Let $f:M \to N$ be a smooth, equivariant, injective immersion.
Is $f(M)$ a weakly embedded submanifold of $N$?
Weakly embedded here means that for every manifold $Q$ and for every smooth map $h:Q \to N$, with $h(Q)\subset f(M)$,the associated map $h:Q\to f(M)$ is also smooth. In other words, it's always valid to restrict the range.
It is known that it suffices to prove that $h:Q\to f(M)$ is continuous. Note that in general $f(M)$ is only an immersed submanifold. In particular, it can have more open sets than those that come from the subspace topology.

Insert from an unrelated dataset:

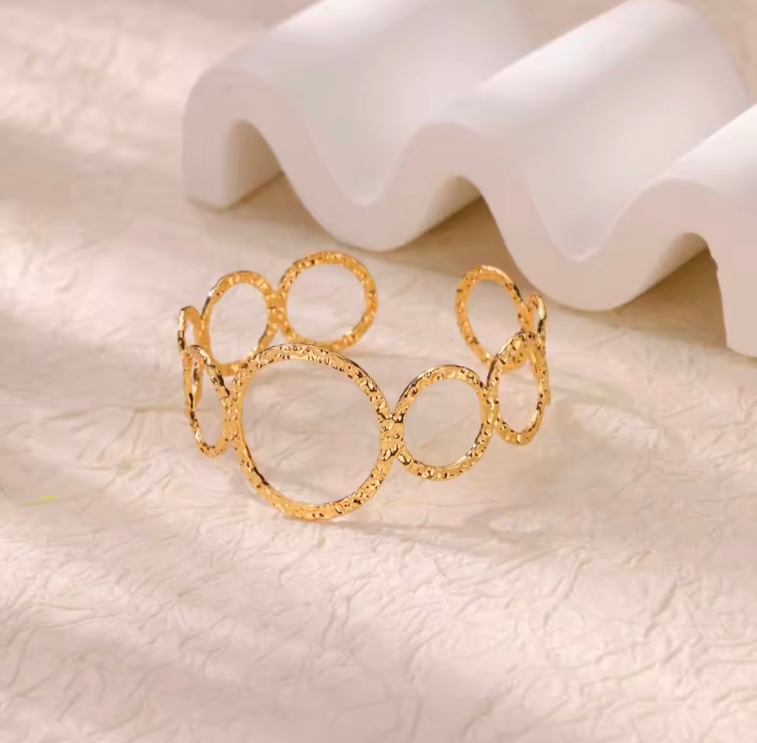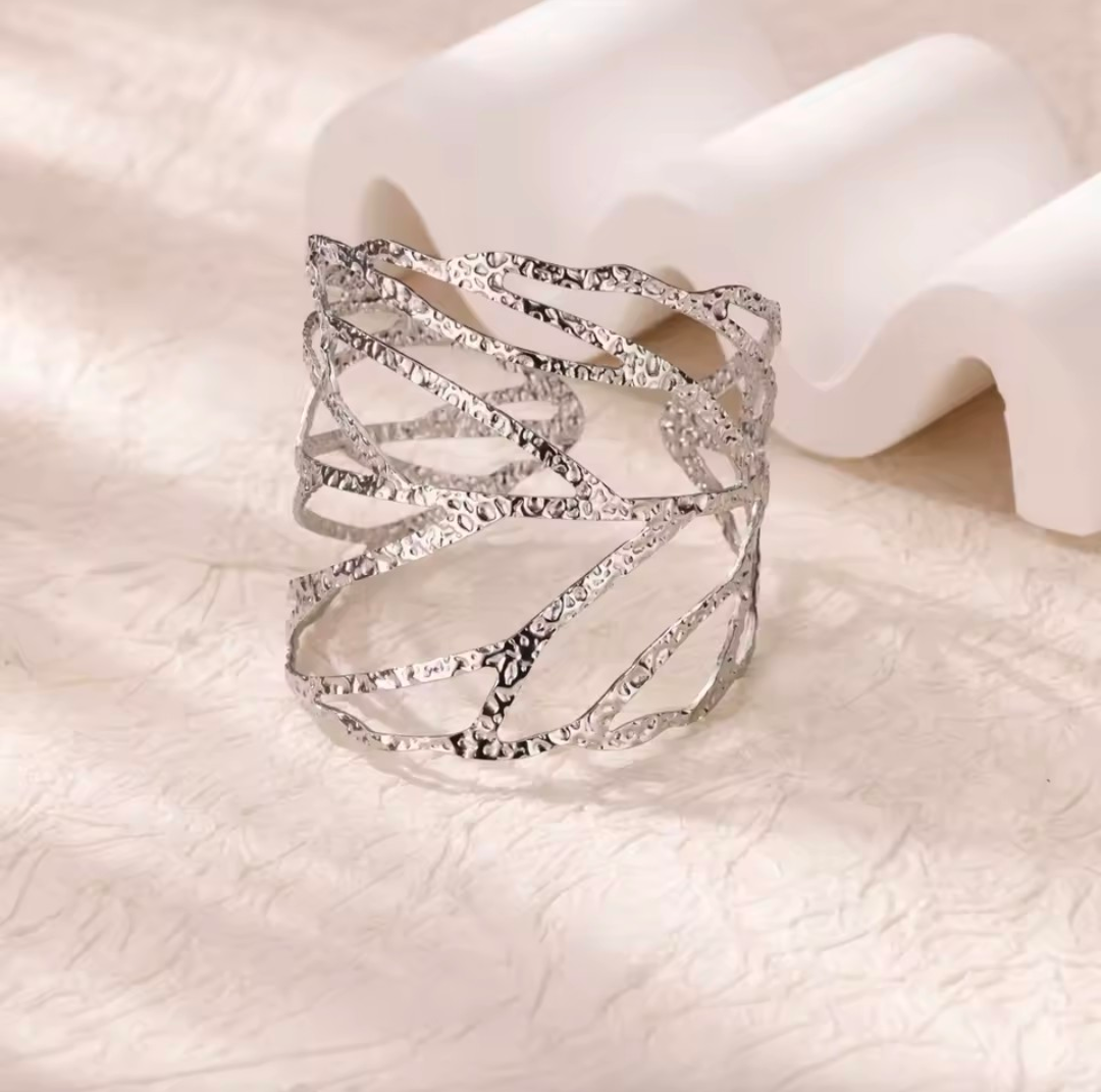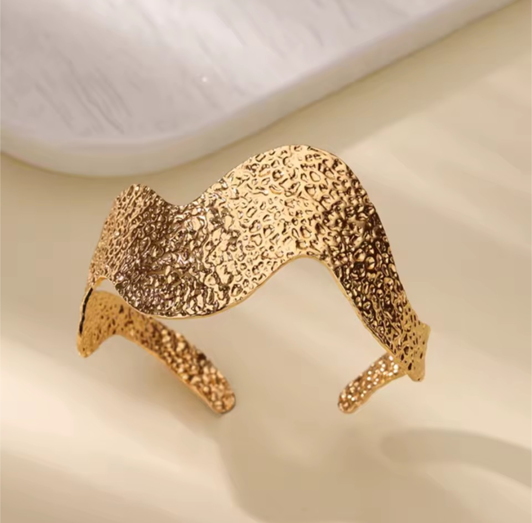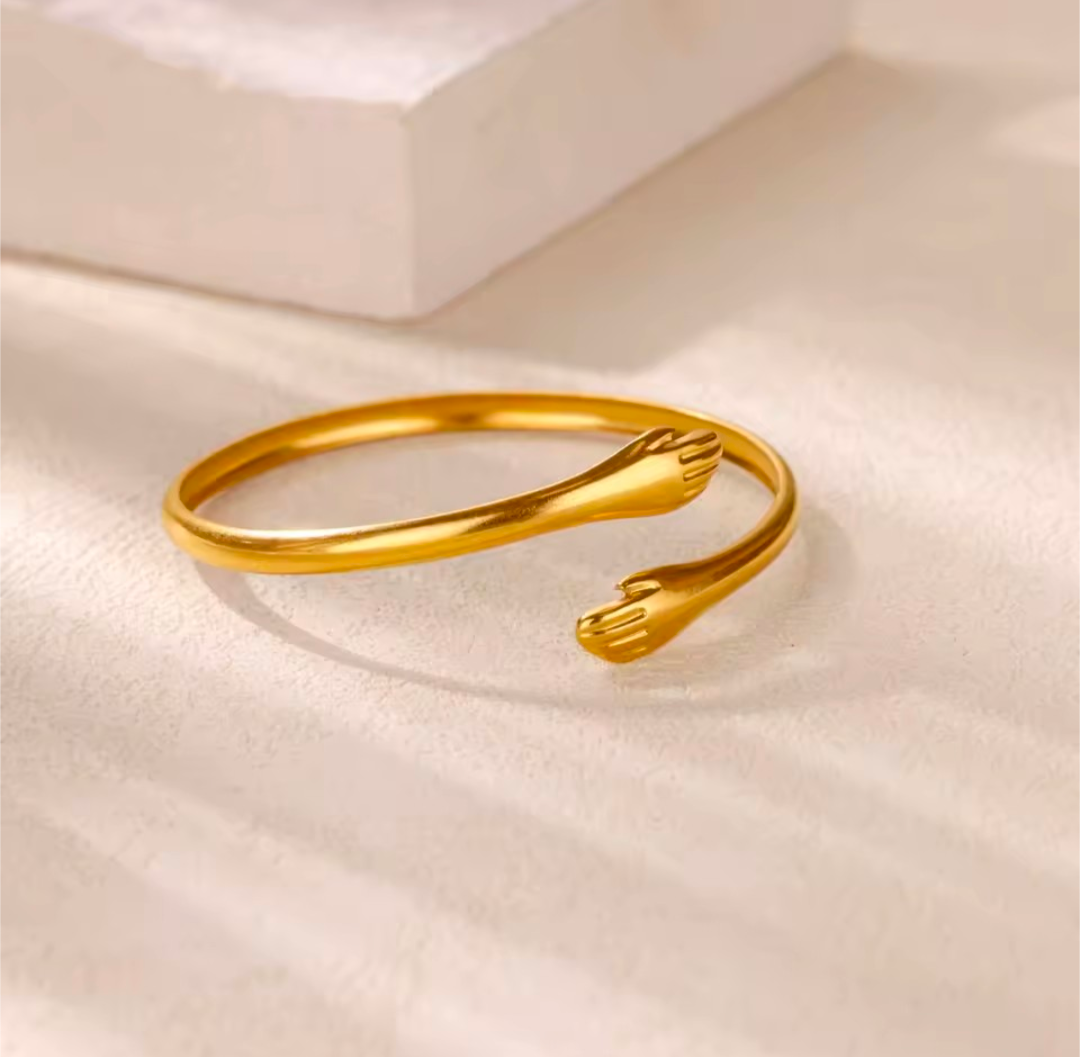 Aesthetic stainless steel bracelet with flower & leaf design. Open, adjustable, lightweight, and perfect for daily wear or gifting.

Weakly embedded is a notion which is between "immersed" and "embedded". It is also known that every Lie subgroup is weakly embedded.
A famous example for a weakly embedded submanifold, which is not embedded is the dense curve on the torus. (In that case, there is also a Lie group action in the background, by $\mathbb{R}$).

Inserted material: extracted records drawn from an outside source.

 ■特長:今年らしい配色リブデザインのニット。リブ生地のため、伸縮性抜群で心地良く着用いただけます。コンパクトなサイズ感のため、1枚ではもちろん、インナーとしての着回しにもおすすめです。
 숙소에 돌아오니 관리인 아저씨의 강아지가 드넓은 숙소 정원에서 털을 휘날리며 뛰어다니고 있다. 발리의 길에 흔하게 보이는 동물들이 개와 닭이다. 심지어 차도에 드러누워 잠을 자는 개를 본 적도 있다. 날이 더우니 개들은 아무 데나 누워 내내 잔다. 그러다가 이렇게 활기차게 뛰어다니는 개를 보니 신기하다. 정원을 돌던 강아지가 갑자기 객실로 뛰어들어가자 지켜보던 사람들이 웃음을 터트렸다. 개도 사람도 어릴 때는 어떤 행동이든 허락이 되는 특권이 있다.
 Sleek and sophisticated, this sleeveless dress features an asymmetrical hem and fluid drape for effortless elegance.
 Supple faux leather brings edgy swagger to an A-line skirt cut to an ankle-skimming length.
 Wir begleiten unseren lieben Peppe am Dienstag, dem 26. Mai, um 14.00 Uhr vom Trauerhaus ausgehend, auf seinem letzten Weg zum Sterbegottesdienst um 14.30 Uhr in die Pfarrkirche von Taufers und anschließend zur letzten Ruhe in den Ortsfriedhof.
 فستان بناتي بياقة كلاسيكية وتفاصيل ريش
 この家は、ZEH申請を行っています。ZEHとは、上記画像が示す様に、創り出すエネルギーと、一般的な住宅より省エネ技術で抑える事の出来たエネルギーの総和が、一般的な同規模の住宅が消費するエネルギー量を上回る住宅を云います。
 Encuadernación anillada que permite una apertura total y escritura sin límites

Here is a counter-example with $G = (\mathbb{R}, +)$, $M = \mathbb{R}$ and $N = \mathbb{R}^2$. I shall specify the actions later on.

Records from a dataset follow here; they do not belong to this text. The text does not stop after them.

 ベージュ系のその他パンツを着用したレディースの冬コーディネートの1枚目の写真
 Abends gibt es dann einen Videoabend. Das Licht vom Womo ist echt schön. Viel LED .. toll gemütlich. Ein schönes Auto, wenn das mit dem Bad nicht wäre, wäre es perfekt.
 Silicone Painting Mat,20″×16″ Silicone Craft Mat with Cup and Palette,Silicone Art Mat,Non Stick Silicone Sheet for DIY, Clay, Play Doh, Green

Consider on $N$ (equipped with cartesian coordinates $(u,v)$) the smooth function $h(u,v) = v(u^4 + v^4 + u^2 - v^2)$. Here is a figure of some of its level sets. We notice in particular that there is a figure 8 inside the level $[h=0]$; we shall denote this subset $8$. To be safe, add to $h$ a smooth nonnegative exhausting function which vanishes identically on a ball which contains $8$ (so as to leave unchanged the local picture), but which grows sufficiently fast to ensure that the resulting function (call it also $h$) only has compact level sets.
Consider now the (smooth) vector field $X$ on $N$ which is the symplectic gradient of $h$, that is the (usual) gradient vector field everywhere rotated (clockwise, say) by 90°. The field $X$ is everywhere tangent to the levels sets of $h$. The flow of $X$ turns out to be complete (since the levels sets are compact and $X$ smooth) and smooth; it determines a (smooth) $G$-action $\alpha_N : G \times N \to N : (g, (u,v)) \mapsto \Phi^{g}_{X}(u,v)$.
Let $f : M \to N$ be any smooth injective immersion whose image is $8$; it is not a weak embedding. We can pullback $X$ to $M$ along $f$ to get a (smooth and complete) vector field $Y$ which turns out to vanish in only finitely many points. Consider the $G$-action $\alpha_M : G \times M \to M : (g, x) \mapsto \Phi^g_Y(x)$.
By construction, $\alpha_M$ has only finitely many orbits and $f$ is $G$-equivariant since $X$ and $Y$ are $f$-related.